Most of the songs were all written at the same time, but there were a couple that are from the span of a year. There were multiple years between when I finished writing Alas where I wrote a bunch of songs that are not recorded now but might be recorded later. Then I thought, I like these three a lot and these will definitely be an album but I don’t want the rest of the songs on this album to be the ones I had previously written and ever since I’ve been on tour. I feel more connected with music in terms of all aspects of my life because I’m spending more time playing music than ever. I still have a lot of imposter syndrome and still feel so weird about everything but in the past, I kept thinking to myself, “Oh I’m not an artist, I don’t know what I’m feeling, and I don’t feel confident in myself,” Something clicked and I was like, “Shit, I’ve been doing this all this time. I’m a musician now, I should go write this next album.” I told myself that I’d write a song every day and really focus on it. Every time I felt inspired, I’d grab my guitar and just start writing. I came home last spring from tour and I was trying to get my shifts back from the restaurant that I worked at because when you come back from tour they don’t like to give you any shifts, but I was in a fucked up void where it was cold when I wrote this album. One song released in May, and the other came out in March, but the bulk of them were written in April and April sucks here. It’s cold and there’s garbage flying around everywhere that melted from under the snow so I was in a void of time and space and just sat in my room or outside playing guitar.
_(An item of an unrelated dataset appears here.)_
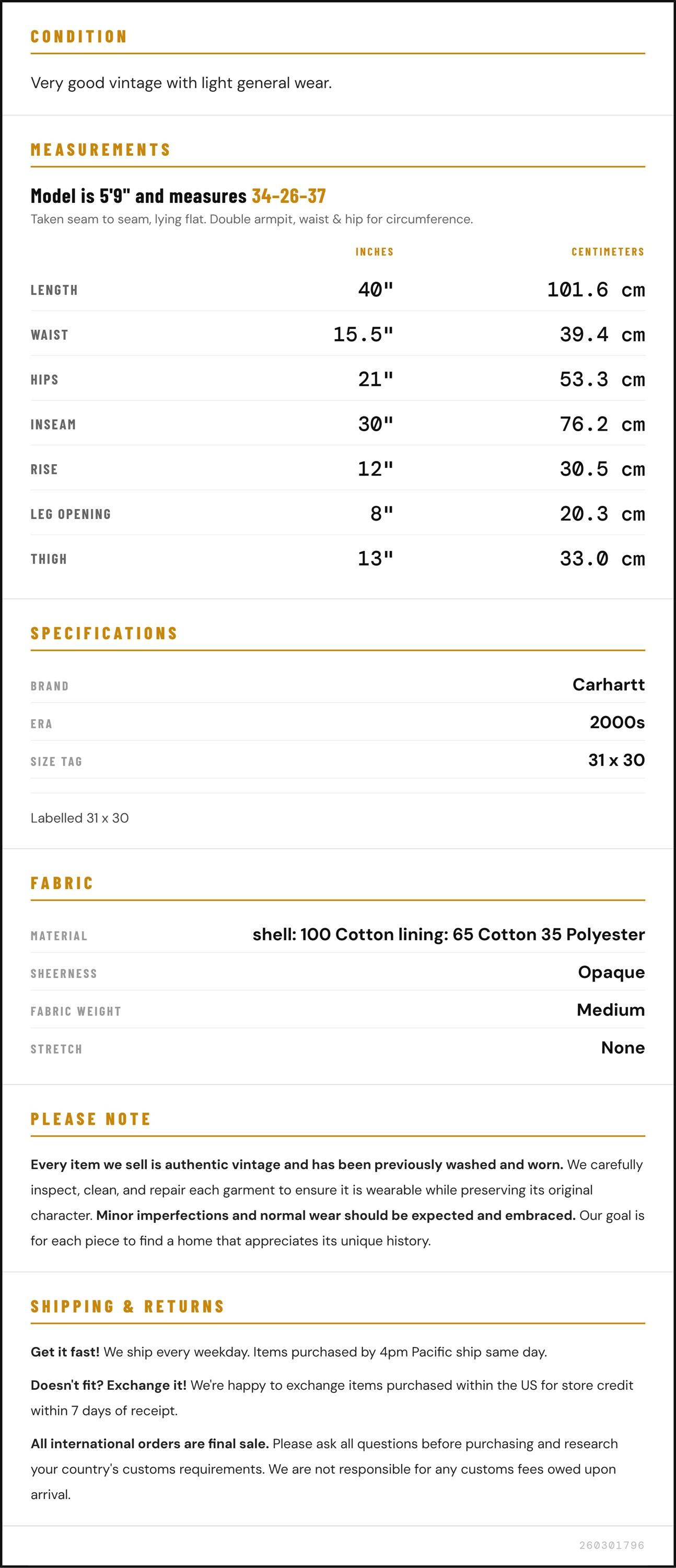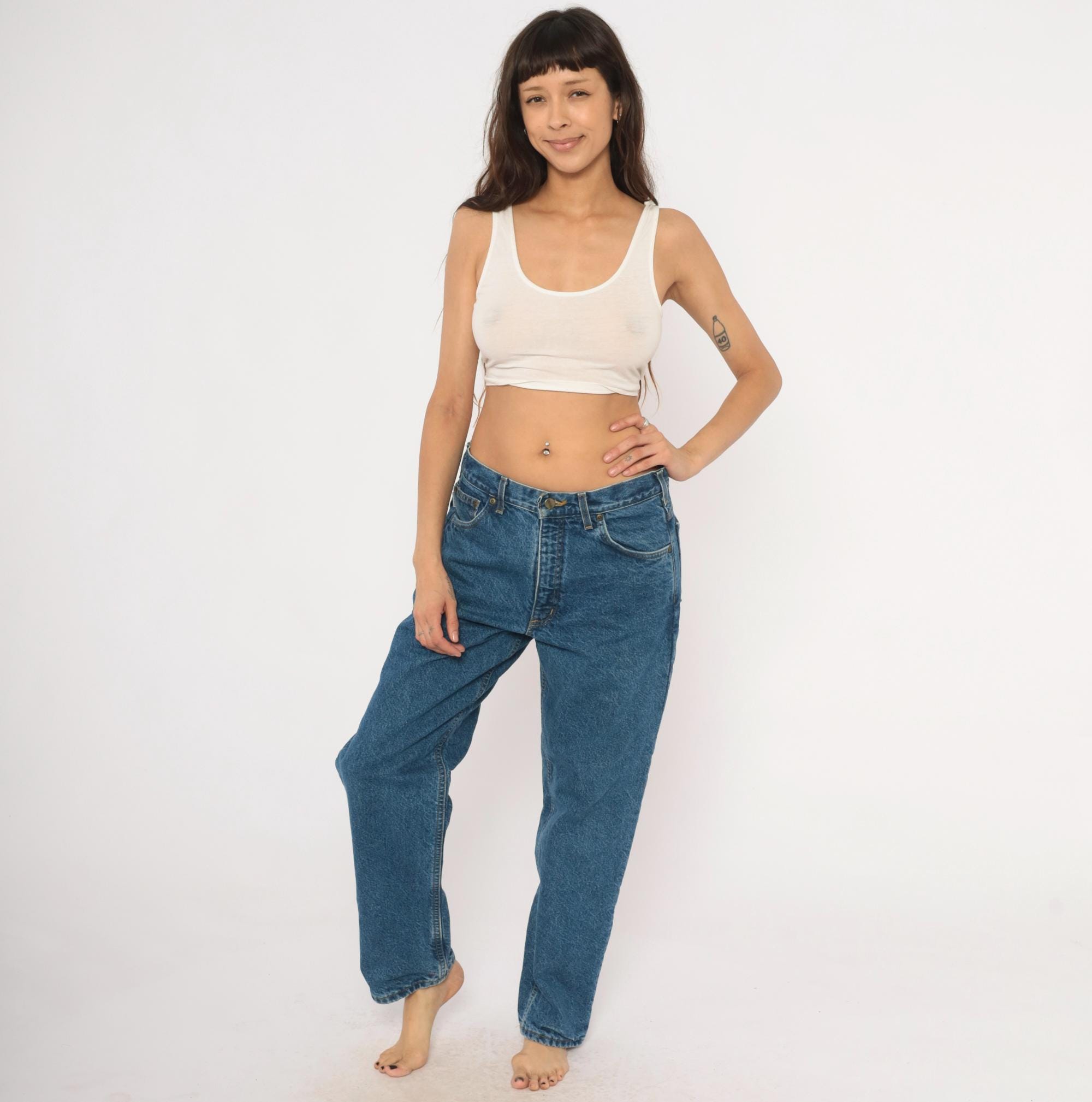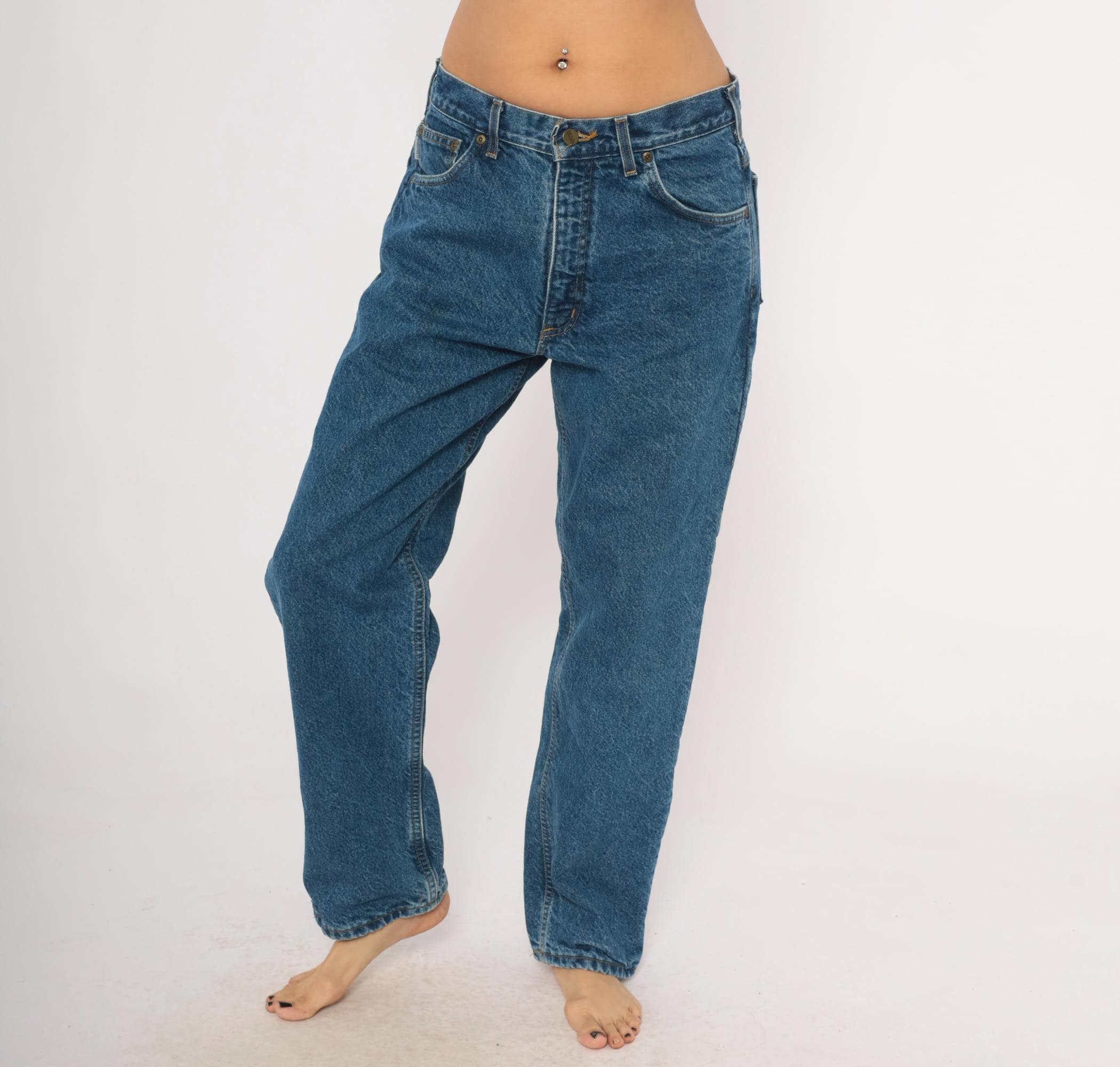 Vintage denim was usually made without any stretch, unlike modern jeans. Check the measurements to ensure proper fit, and remember to give yourself a little wiggle room in the waist and hips, depending on your preferred fit.

That’s why it was different, because I didn’t know what to do with myself. 

Yeah, it’s actually funny because I didn’t call them that at first. It was just going to be part one and part two, but my manager knew I wrote one in the morning- well it was morning to me because I got back from tour, so really it was 1 PM, and then 1 AM. I wrote that one when I was really drunk and stoned walking home from the bar through the old north end of Burlington, where I’ve lived for like the last six, seven years, to Trash Mountain which is where I live. It looks like SimCity, it’s town, town, town and then my house and then the town ends. When you look out, it’s just darkness, but in the morning it’s beautiful too. The songs were me thinking about my time here at different times of day and different mindsets and in the end, I finished writing them in my yard, looking at Trash Mountain and then I came inside and recorded them so that’s the distinction. It’s also a bittersweet thing. I was journaling about this last night like, but my life is changing in so many ways. 

I love to doodle. I was doodling while I’m talking to you in the corner hahah but I’ve always played in so many bands. I’ve played bass and guitar and toured the country.I’m always down to play in people’s bands but no I’m not really good at any other mediums. I tried to take up knitting but I’m not very good at it haha.